Literatur- und kulturgeschichtliches Handbuch der Steiermark im 19. Jahrhundert online
Lexikon Wilhelm Fischer

Wilhelm Fischer

Nagl-Zeidler-Castle
Bd. 4, S. 1213.

 

Impressum

Geb. 18. April 1846 in Csakathurn (Čakovec/Kroatien), gest. 30. Mai 1932 in Graz (Steiermark).
Erzähler, Epiker, Dramatiker; Bibliothekar, Direktor der Steiermärkischen Landesbibliothek.

Fischer, der auch der 'Grazer Stadtpoet' genannt wurde und sich selbst als Autor auch 'Fischer-Graz' sowie 'Fischer in Graz' nannte, erblickte als Sohn des jüdischen Kaufmanns Karl Fischer (gest. 1902) und dessen Ehefrau Johanna Heinrich (gest. 1886) in Csakathurn im heutigen Kroatien das Licht der Welt.

Fischer absolvierte das Gymnasium in Warasdin (Varaždin/Kroatien) und Stuhlweißenburg (Székesfehérvár/Ungarn) und studierte ab 1865 in Graz, anfangs Rechtswissenschaften, Medizin und Naturwissenschaften, danach an der philosophischen Fakultät Geschichte und klassische Philologie.
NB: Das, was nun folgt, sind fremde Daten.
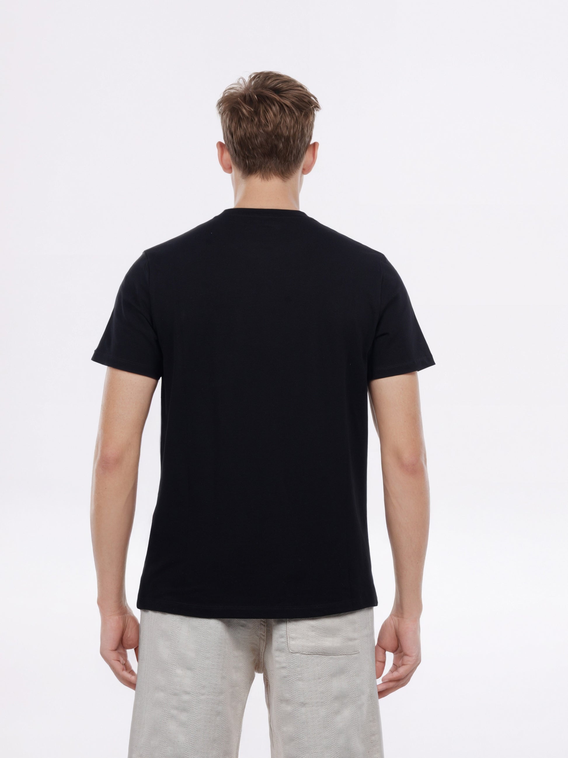 Explore comfort with the Celio Men Black Solid Regular Fit T-shirt. Crafted from soft cotton, this casual tee features short sleeves and a versatile design, perfect for everyday wear. Disclaimer: All other items in the image are only for display purposes and will not be a part of the delivery content. Product colour may slightly vary due to photographic lighting sources. Country of Origin - India.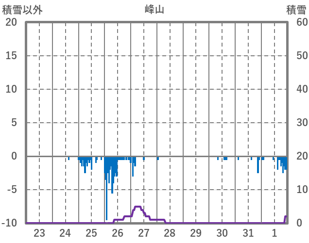 | 日 | 時 | 気温 | 降水 | 風向/風速 | 日照 | 積雪 | 降雪 |

Nach seiner Promotion zum Dr. phil. 1870 wurde er Beamter der Steiermärkischen Landesbibliothek, die er 1901–1919 leitete. Er gehörte der Burschenschaft Stiria an und war Obmann des Steirischen Schriftstellerbundes.

1922 heiratete er Maria Wiesler.

Mit seiner Novelle "Eine Sommernachtstragödie" (später veröffentlich im Band "Sommernachtserzählungen", 1882) trat Fischer erstmals an die Öffentlichkeit. Er schildert darin das Liebesdrama eines jungen Mädchens, verknüpft mit dem Problem nationaler Identitäten. Trotz positiver Kritik fand sie wenig Beachtung, ebenso wie das bald darauf folgende und von Robert Hamerling (1830–1898) beeinflusste Epos "Atlantis" (1880) und die Novellensammlung "Der Mediceer" (1894). Der Durchbruch gelang mit den von Fischer als Gegenstück zu Gottfried Kellers (1819–1890) "Züricher Novellen" angelegten "Grazer Novellen" (1898). Besonders die Novelle "Das Licht im Elendhause", die das Schicksal des aufopferungsvollen Mädchens Dietmut während der Pestzeit erzählt, erfreute sich großer Beliebtheit. Mit dem Entwicklungsroman "Die Freude am Licht" (1902) gelang es Fischer, seinen Ruf als 'Grazer Stadtpoet' zu festigen. Seine Erzählung "Hans Heinzlin" (1905) wurde von Hermann Hesse (1877–1962) geschätzt.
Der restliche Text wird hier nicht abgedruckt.